Description of quality assurance procedures: not given

Selection of annotators:  not given

Training of annotators:   not given

Annotation tools used: not given

     Lexicon:

Format: ok

Text-to-phoneme procedure: ok

Explanation or reference to the phoneme set: not given

Phonological or higher order phenomena accounted in the phonemic transcriptions:  n.a.

     Statistical information:

Frequency of sub-word units: phonemes (diphones, triphones, syllables,...): ok ("stats" file)

Word frequency table: n.a.

     Others:

Any other essential language-dependent information or convention: n.a.

Indication of how many files were double-checked by the producer together with percentage of detected errors:  ok (BASEVAL)

          Status of documentation: acceptable

II.) Automatic validation

The following list contains all validation steps with the methodology and results.

In the "sessions" file the female speakers are tagged both with "f" and with "w". The same error occured also in the file "/test/docu/speakers" and  in the file "/test/docu/sessions".

Completeness of signal files:  ok

Completeness of meta data files:
ok

Completeness of annotation files: ok.

Correctness of file names: ok.

Empty files: none

Status of signal, annotation and meta data files: ok

Cross checks of meta information: ok

Cross checks of summary listings: ok

Annotation and lexicon contents: ok


III.) Manual Validation

5% of the data (500 files of the ERBA corpus and 50 files of the TEST corpus) and the orthographic transcription were checked in comparison. 1,8% of the data of the ERBA corpus contained errors (9 errors out of 500).
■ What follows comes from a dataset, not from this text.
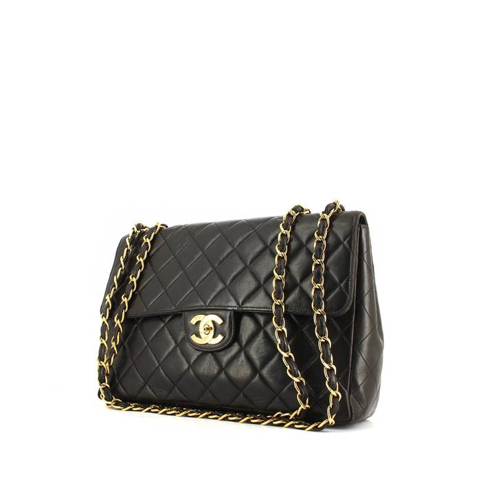 Charmant sac à main "Timeless jumbo" en cuir matelassé noir, anse-chaine en métal doré entrelacée de cuir noir permettant un porté main ou épaule.

Errors are the mismatching between the audio files and the orthographic transcription.  Pecular background noises  (for example bird singing) , buzzing, blowing to the microphone or microphone touch are not  being labelled.  The TEST corpus  didn't have any  errors,  although  the blowing to the microphone in some files or  the  background noise could be irritating.

IV.) Other Relevant Observations

Background noises,  buzzing, blowing to the microphone or microphone touch is not  labelled  in this corpus.  Some utterances are leveled much weaker than others.

V.) Comments for Improvement

 The revalidation was able to repair some data (orthographic transcription files, speakers file).

VI.) Result

The corpus is ok. The corpus is well documented and  no data or documentation files are missing.